Albemarle’s lithium brine evaporation ponds in Clayton Valley, Nevada.Photo courtesy of Katie Fehrenbacher/Fortune

But this bleak corner of the world in Nevada is home to the only operating lithium mine in the U.S. By some estimates, it also holds the promise of even greater untapped riches of the valuable metal buried beyond the mine.

That’s what has attracted a slew of lithium entrepreneurs hoping that they’ve bought the winning claims that will strike it rich in “white gold” that’s floating in salty water beneath the surface.

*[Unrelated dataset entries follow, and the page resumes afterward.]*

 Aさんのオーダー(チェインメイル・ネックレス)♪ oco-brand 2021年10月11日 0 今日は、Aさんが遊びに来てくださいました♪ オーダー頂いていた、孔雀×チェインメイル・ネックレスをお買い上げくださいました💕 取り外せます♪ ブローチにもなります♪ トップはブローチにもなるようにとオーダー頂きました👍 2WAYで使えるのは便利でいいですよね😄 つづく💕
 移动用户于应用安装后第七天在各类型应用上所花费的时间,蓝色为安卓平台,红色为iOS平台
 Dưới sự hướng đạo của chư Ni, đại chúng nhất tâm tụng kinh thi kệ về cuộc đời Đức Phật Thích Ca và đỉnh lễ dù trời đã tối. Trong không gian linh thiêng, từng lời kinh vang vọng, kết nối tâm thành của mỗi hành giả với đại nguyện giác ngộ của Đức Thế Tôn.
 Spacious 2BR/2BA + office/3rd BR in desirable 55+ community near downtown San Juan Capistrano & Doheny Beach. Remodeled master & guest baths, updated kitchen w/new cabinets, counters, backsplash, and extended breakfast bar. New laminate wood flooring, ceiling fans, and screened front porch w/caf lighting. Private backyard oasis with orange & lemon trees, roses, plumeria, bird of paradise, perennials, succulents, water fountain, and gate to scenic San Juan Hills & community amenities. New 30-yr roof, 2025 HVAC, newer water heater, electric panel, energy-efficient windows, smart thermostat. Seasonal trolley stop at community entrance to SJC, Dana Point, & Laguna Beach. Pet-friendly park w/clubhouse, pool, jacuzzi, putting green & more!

To Tesla, this valley that time forgot is only a three and a half hour drive from its massive battery factory, under construction outside of Reno, Nev. Tesla wants a supply of lithium to fill enough batteries to power 500,000 cars per year by 2020. The locale could also be an opportunity for Tesla to buy the resource from an alternative startup outside of the lithium oligopoly.

A mining community

On the edge of this desolate landscape is the tiny town of Silver Peak. Founded in 1863 as an outpost for silver and gold miners, it’s one of Nevada’s oldest mining communities. A century later the lithium mine, dubbed the Silver Peak mine, was built nearby. It uses thousands of acres of evaporation ponds to slowly uncover the metal.

The preserved post office of Silver Peak, Nevada, a tiny mining community established in 1864.Photo courtesy of Katie Fehrenbacher/Fortune

Today the lithium mine is owned by chemical giant Albemarle ALB , which also has much larger lithium operations in countries like Chile. Albemarle is one of four huge conglomerates that control much of the world’s lithium supply.

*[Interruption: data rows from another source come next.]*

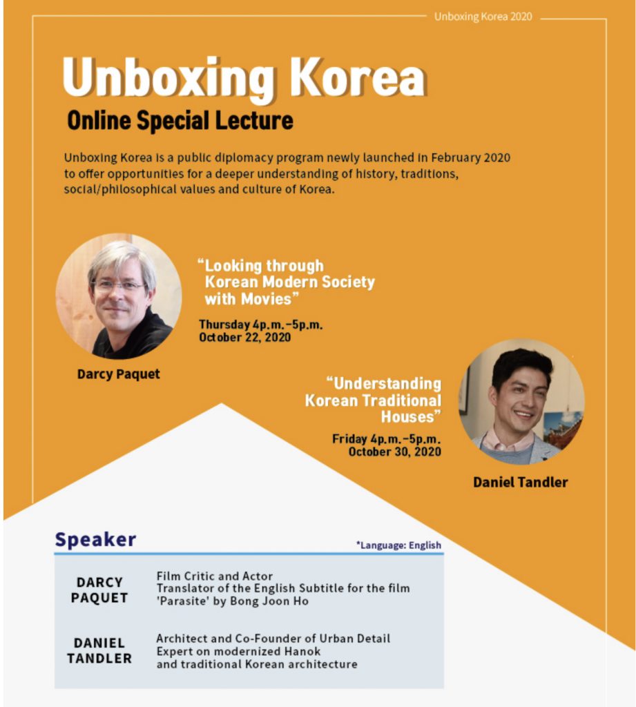 이번 ‘언박싱 코리아’ 에서는 온라인 스페셜 강의가 준비되는데 봉준호 감독의 영화 기생충의 영어 자막 작업을 한 달시 파켓(Darcy Paquet)과 대니얼 텐들러(Daniel Tandler)가 연사로 나선다.
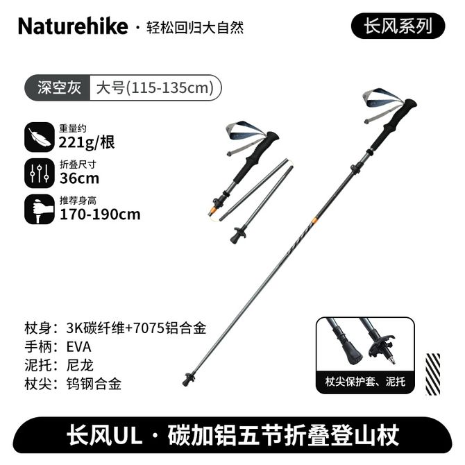 挪客(NatureHike) 长风UL-碳纤维加铝合金折叠登山杖超轻徒步户外手杖 深空灰-【大号115-135cm】 挪客 长风UL五节碳加铝纤折叠伸缩登山杖CNK2450DS012 深空灰/115-135cm 兑换价格 5400 里程 会员卡别 终身白金卡 白金卡 金卡 银卡 普通卡 儿童卡 服务 由 亿宇安百户外专营店 发货并提供售后 颜色: 深灰色 购买数量: 件 库存件 配送地址: 立即购买 加入购物车 成功添加到购物车 关闭 购物车共有 种商品 总金额为: 组合销售 产品介绍 产品规格 售后服务 产品咨询 发现好货 Jeep 户外轻便露营便携折叠椅-特大号 42*42*70cm (多色可选) 1500 里程 探险者(TAN XIAN ZHE) 露营车推车户外营地折叠拖车野餐野营桌板手拉车 黑色 6600 里程 尚烤佳 折叠椅 折叠凳 月亮椅 钓鱼凳子 户外便携折叠露营椅子 写生椅子(山晴)SKJ-367 1900 里程 徽羚羊 户外露营便携折叠logo椅-特大号-44*44*72cm 1500-1700 里程 沃特曼 【加高加厚】户外折叠椅靠背躺椅月亮椅露营午休凳子便携77232 4800 里程
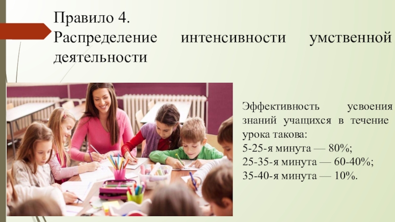 Правило 4. Распределение интенсивности умственной деятельностиЭффективность усвоения знаний учащихся в тече­ние урока такова:5-25-я минута — 80%;25-35-я минута
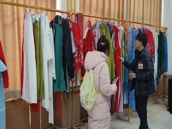 图为实践队员了解茂腔戏服,它们主要在演员表演一些传统剧目时被穿着。王中贞 供图
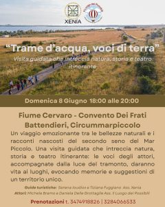 Domenica 8 giugno dalle ore 18 alle 20, Serena Ioudiox e Tiziana Fuggiano dell’associazione Xenia aps insieme a Daniela Delle Grottaglie e Michele Bramo dell’associazione Il Luogo dei Possibili daranno vita a ‘Trame d’acqua, voci di terra’, un viaggio emozionale tra le bellezze naturali e i racconti nascosti del secondo seno del Mar piccolo.
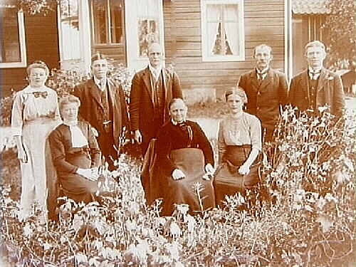 Bostadshus, 8 personer framför huset.

During the recession, the mine floundered as the owner concentrated on more profitable operations across the globe. Several years ago the U.S. government, through President Obama’s stimulus program, injected millions of dollars into the Nevada site in an effort to lift domestic lithium production.

From Google Earth, the mine’s sprawling evaporation ponds look like football fields of green-tinged and turquoise pools. They’re the only thing visible from the skies wedged into the desolate basin.

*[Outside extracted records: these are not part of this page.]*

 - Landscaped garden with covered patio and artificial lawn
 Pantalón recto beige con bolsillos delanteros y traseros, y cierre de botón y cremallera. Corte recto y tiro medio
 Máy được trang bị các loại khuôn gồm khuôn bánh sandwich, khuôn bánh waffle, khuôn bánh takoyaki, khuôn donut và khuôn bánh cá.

Currently the town—mostly trailers and abandoned shacks—has around 100 residents who still work mostly in mining. A bar called Old School is the only local business and also serves as the town hub. Residents drive ATVs on dusty unpaved roads.

On a sunny afternoon in March, a home proudly flies a Confederate flag; another a pirate-style skull and cross bones. During a brief stop by Old School, the bartender encourages us to help him bring what he says the town needs most: More people.

Anyone who successfully sucks out untapped lithium brine in Clayton Valley and turns it into a valuable product used in batteries could become incredibly wealthy. But such operations could also bring valuable local jobs to a fading town that desperately needs it.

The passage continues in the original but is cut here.